Welcome! I'm still a noob here, too. Beta readers are a valuable tool, and a part of why I'm here. As you've encountered, beta readers are only worth their weight when offering constructive criticism. I received too many "I like this" when writing my first novel! It was IRRITATING!! I learned by lesson for this next one. 

My critiquing runs toward story and voice. Pristine grammar is tantamount to putting a Band-Aid on a deep cut, if readers aren't invested in your characters. Focus on character, plot and voice first, and then double back for the nuts and bolts. That's me, at least. Expect that from me.


----------



## Raevenlord (Feb 13, 2017)

CWoodsField said:


> Welcome! I'm still a noob here, too. Beta readers are a valuable tool, and a part of why I'm here. As you've encountered, beta readers are only worth their weight when offering constructive criticism. I received too many "I like this" when writing my first novel! It was IRRITATING!! I learned by lesson for this next one.
> 
> My critiquing runs toward story and voice. Pristine grammar is tantamount to putting a Band-Aid on a deep cut, if readers aren't invested in your characters. Focus on character, plot and voice first, and then double back for the nuts and bolts. That's me, at least. Expect that from me.



All pros start as noobs, so I don't find that alarming [emoji14] also, it's great that this forum sees so much new blood, it really speaks to its quality and reach.

But yeah, what you mentioned regarding beta readers is the truth. "Yeah, but what makes this one tick while the other story didn't?" "Oh I don't know, I just like it better"... 

I'd definitely agree with you on that. Character and plot are paramount. One can have a perfect technical mastery of writing and its premises, structures and rules, but without a proper firestarter of a story and characters will leave it like a broken bridge.

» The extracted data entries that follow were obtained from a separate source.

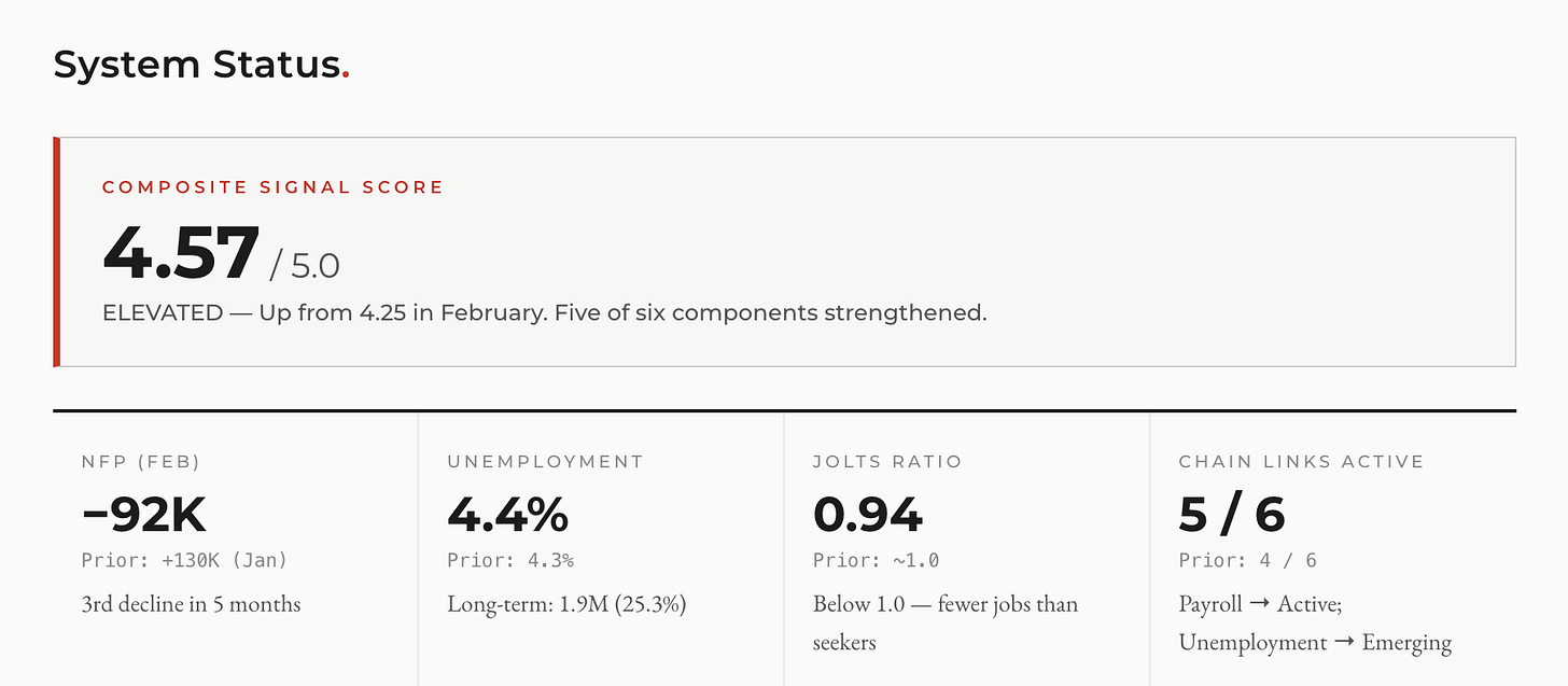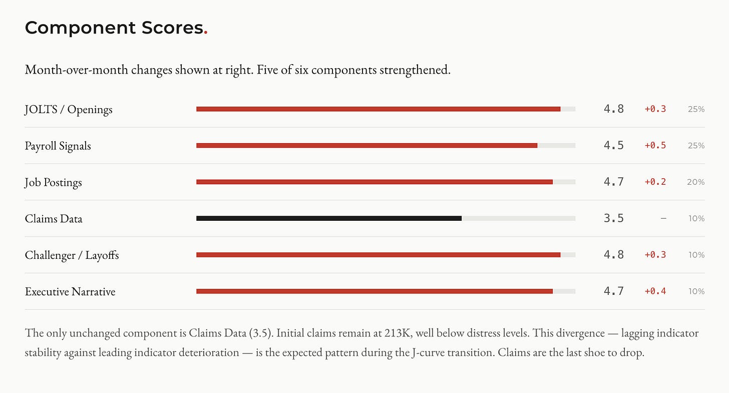 Five of six links are now active or emerging. The composite signal score across the six indicator categories we track (JOLTS, payroll, job postings, claims, layoffs, and executive narrative) moved from 4.25 to 4.57 out of 5.0. Five of six components strengthened. The only unchanged component is claims data, which remains stable at 213,000 initial claims weekly. Claims are the most lagging indicator in the set. They’re the last shoe to drop.
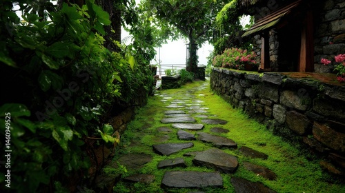 pathway, garden, greenery, stone, moss, serene, escape, lush, peaceful, tranquil, idylli, vibrant, relaxation, shade, inviting, plant, retreat, vine, charme, cosy, rustic, foliage, scenic, backyard, rural, entrance, paseo, tropical, house, haven, floral, leaf, bungalow, outdoors, flower, beauty, nature, environment, natural, fresh, architecture, countryside, landscape
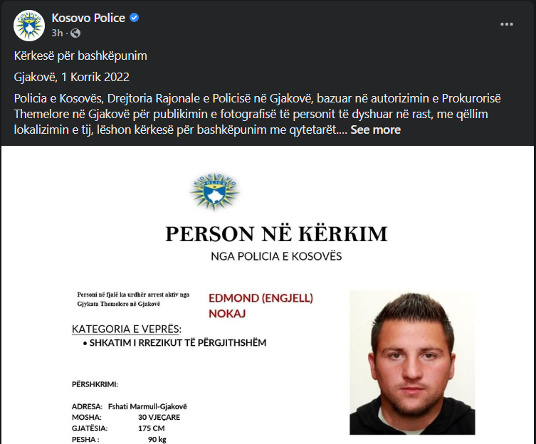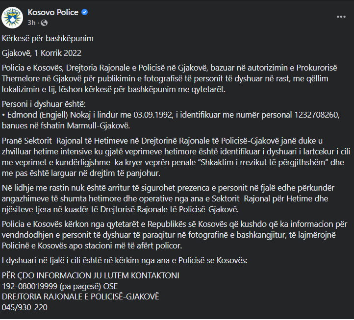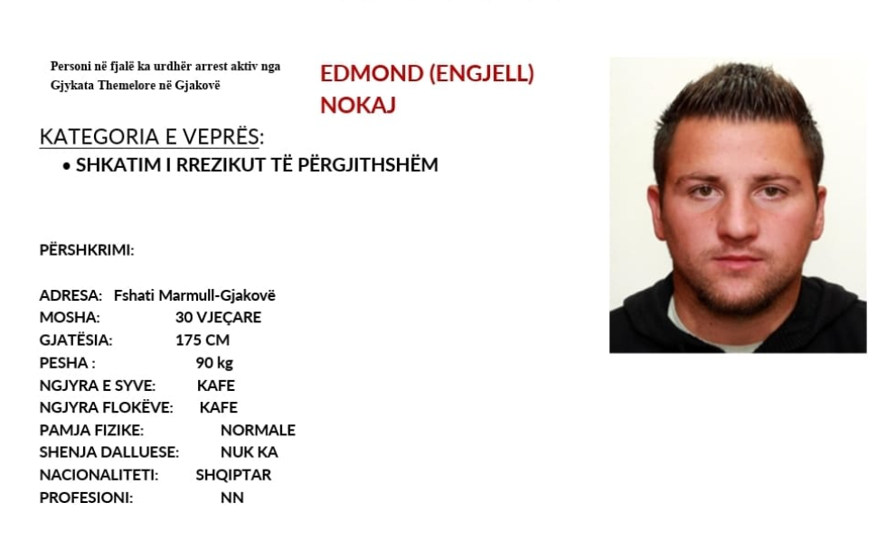 “Personi i dyshuar është Edmond (Engjell) Nokaj i lindur me 03.09.1992, i identifikuar me numër personal 1232708260, banues në fshatin Marmull-Gjakovë. Pranë Sektorit Rajonal të Hetimeve në Drejtorinë Rajonale të Policisë-Gjakovë janë duke u zhvilluar hetime intensive ku gjatë veprimeve hetimore është identifikuar i dyshuari i lartcekur i cili me veprimet e kundërligjshme ka kryer veprën penale ‘Shkaktim i rrezikut të përgjithshëm’ dhe me pas është larguar në drejtim të panjohur”, thuhet në njoftim, bënë të ditur policia.

Thanks for the welcome and taking the time to post  


To be an arsonist of souls is the best occupation I can think of... Even if you do end up with burnt fingers.


----------



## PiP (Feb 13, 2017)

Olá Raevenlord
Welcome to our creative community! If you are looking for support and critique you've come to the right place! Congratulations on publishing your first novel.



> My only question regarding English writing is that it's likely harder for me to publish my English work (at least in Portugal). I don't even know if it would be possible (or at least not labyrinthine) to try and publish in English in another country than Portugal. Do publishers even do that?



I've started posting call for submissions here

http://www.writingforums.com/forums/192-Outside-Invitations-and-Calls-for-Submissions

If you want to start a thread to ask questions prior to making ten post please be my guest. The only place you can't, is on the creative boards: Prose, Poetry and Visual arts. When you do share your work for critique I suggest you use the workshop areas (not visible as yet) to protect your first rights.

We also have a Beta Readers forum.... ah, I see you've already found that! 

I've got to dash now - trying to finish my poem before the deadline of the Pip (Poets in progress) poetry challenge .

You are welcome to enter...


----------



## Raevenlord (Feb 13, 2017)

PiP said:


> Olá Raevenlord
> Welcome to our creative community! If you are looking for support and critique you've come to the right place! Congratulations on publishing your first novel.
> 
> 
> ...



Hey PiP 
Yeah I've been doing some digging, looking into the deep recesses of the forum [emoji14]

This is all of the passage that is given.